A pesar de todo lo que he escrito hasta acá (o quizás debido a eso mismo), me pareció por largos pasajes estar leyendo una versión chilena de Tristram Shandy.
La prosa es Geisse, todas las partes en primera persona en que uno podría pensar que está contando cuestiones íntimas de hace diez años son él, su sello, esa cosa demencial que fluye como en sus cuentos, y con eso ya está la mitad de la lectura asegurada, y quizá más. El resto, aunque no me enganchó tanto, está bien, pero solo bien.

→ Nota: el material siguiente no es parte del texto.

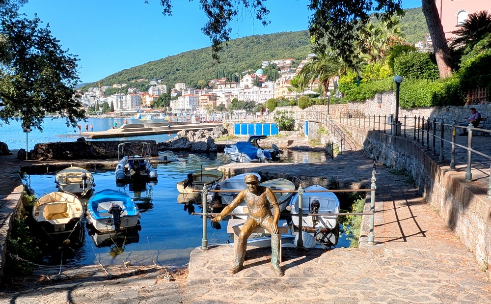 Staré stromy poskytujú chladivý tieň a lavičky zas krásne výhľady na zátoky. Morské vlny oblizujú skaly a prinášajú so sebou staré príbehy, keď tu ešte žili najmä pastieri a roľníci a takmer nikto nevedel plávať ani riadiť loď. Musela sa vymeniť celá jedna generácia, kým miestni obyvatelia pochopili, že sa dá na živobytie zarobiť aj menej namáhavým spôsobom, a nie iba drinou s motykou na poli. Prievozníkov (barkajolo), ktorí okrem tovaru začali na svojich člnoch prevážať aj kúpeľných hostí, pripomína bronzová socha v malom prístave Portič.
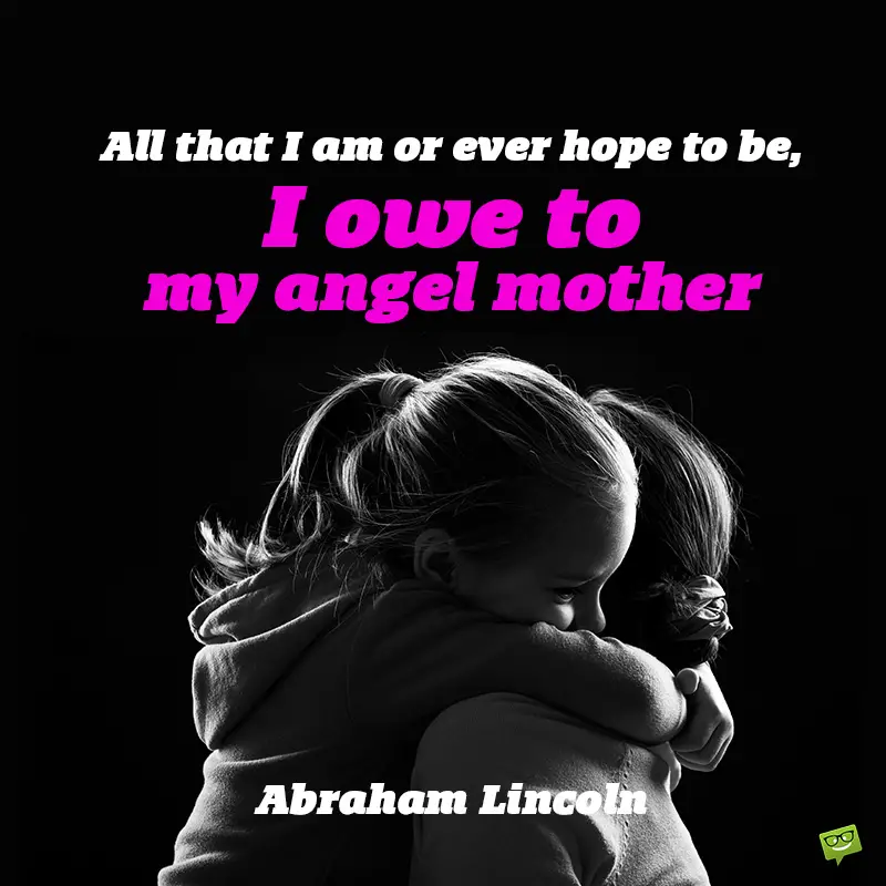 - All that I am, or ever hope to be, I owe to my angel mother. Abraham Lincoln
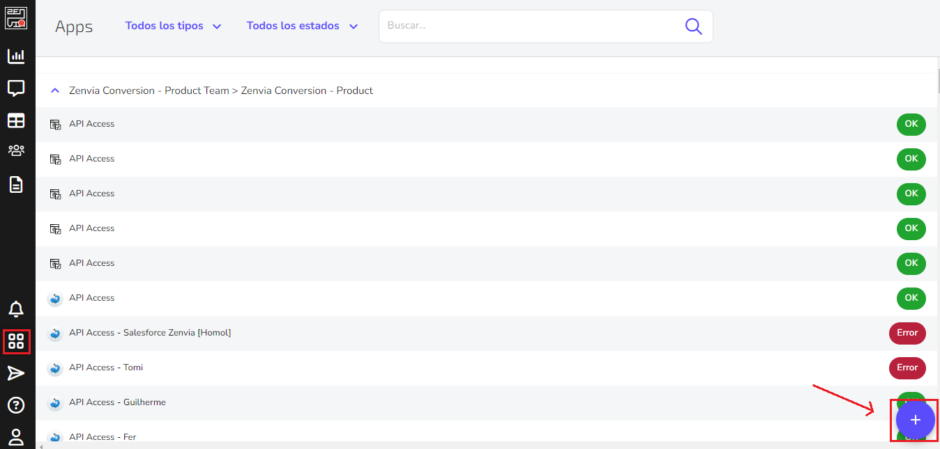 1 - Dirígite a Zenvia Conversion > Integraciones y haz clic en el botón + para agregar una app:
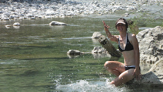 Simon ves čas opeva kamp Lazar v Kobaridu, zato zjutraj greva tja na kavo. Lačna sva, zato še naročiva slane palačinke, po katerih slovijo – z zelenjavo, tuno, špinačo ali mesom… res so odlične. Tako nama je všeč kamp in osebje in klima, da se odločiva kar ostat, tako da po 20-ih kilometrih na števcu pred 11-o uro dopoldan kampirava na novi lokaciji 🙂 Želela sva na Krn, ampak je tako zabasana vidljivost, da se odločiva dan preživet brez cilja. Pot naju zanese do slapa Kozjak, ki je od kampa oddaljen 30 minut hoje po urejenih gozdnih potkah. Ker je pasje vroče, se uleževa na klopce v gozdu in bereva knjigo ter hladiva pir v reki. Nazaj grede pobereva kolesa in jo v največji vročini mahneva do reke Nadiže, ki je ena najtoplejših alpskih rek. Zame še vedno mrzla, mrrrr 🙂 Najdeva osamljen zalivček, reka je plitva. Tolmuni, ki so globji so precej polni ljudi in otrok, ki se mečejo v vodo, midva pa iščeva mir in tišino. Popoldan se spustiva po potki, ki vodi tik ob najinem šotoru do Soče, kjer spet bereva knjigo in uživava ob glasni, deroči, smaragdni Soči. Kako je čudovita! Mimo se vozijo s kajaki in vpijejo od užitkov. Cel popoldan samo leživa, zato popokava stvari in se oblečeva za tek. Nisva valda zastojn vzela s sabo superg 🙂 Po dveh mesecih nenehnih bolečin v pokostnici in kolenu, kar mi je totalno zbilo voljo do teka, prvič spet uživam v teku in popolnoma brez bolečin. Kako sem srečna, Bogu se zahvalim, da lahko spet tečem! Ta teden sva imela splanirano tekaško popotovanje od Ljubljane do Pirana z Urbanimi tekači, pa jaz nisem upala, zaradi noge. Počutila sem se totalno brez tekaške moči. Ta dan sva tekla samo 5,5 km, ampak je bilo tako krasnih – do Tonovcovega gradu, mimo

La obsesión con su doppelganger, la trama misma, los poemitas ni tan buenos, su búsqueda, todo eso me sirvió como excusa o enlace de las dos cosas notables que tiene este libro: esa parte media biográfica (ficción o no, da lo mismo) y la parte media filosófica, o sea, ese punto en que, a favor o en contra, las reflexiones de Sapolsky sobre el hombre como mono empiezan a aplicarse a la debacle misma del personaje, inmerso en el alcohol y las miserias de sus otros monos amigos.
Configura de una forma muy novedosa y orgánica, una constelación muchas veces solapada pero incuestionable entre los "campos literarios" y la literatura científica, eso es un punto sólido. Una novela que a veces se pretende más experimental de lo que es, pero que abraza esa pretensión con humildad y una escritura cuidadísima. El cierre es quizá un poco antojadizo, pero de todas maneras ayuda con la resaca tras una borrachera que delira entre primatología, maldiciones y chamanismo.
Todavía me cuesta encajar ciertas piezas que supuestamente debían pertenecer orgánicamente a ciertos lugares. Es decir, me veo “forzando” ciertas lógicas internas en la novela. Es una obra que dialoga con muchas otras (Jenaro Prieto, con El Socio) y cuesta no generar asociaciones o intertextualidades. Todavía estoy confundida con el final. 🙄
Al principio no entendía donde iba el libro, estúpidamente trate de buscar el hilo lógico hasta que me acorde del autor y fui dejando que el texto conectara solo, sin duda un libro sumergido en el delirio, en lo absurdo y lo científico. Quiebres buenos, despedidas necesarias y sobre todo muy Cristian Geisse.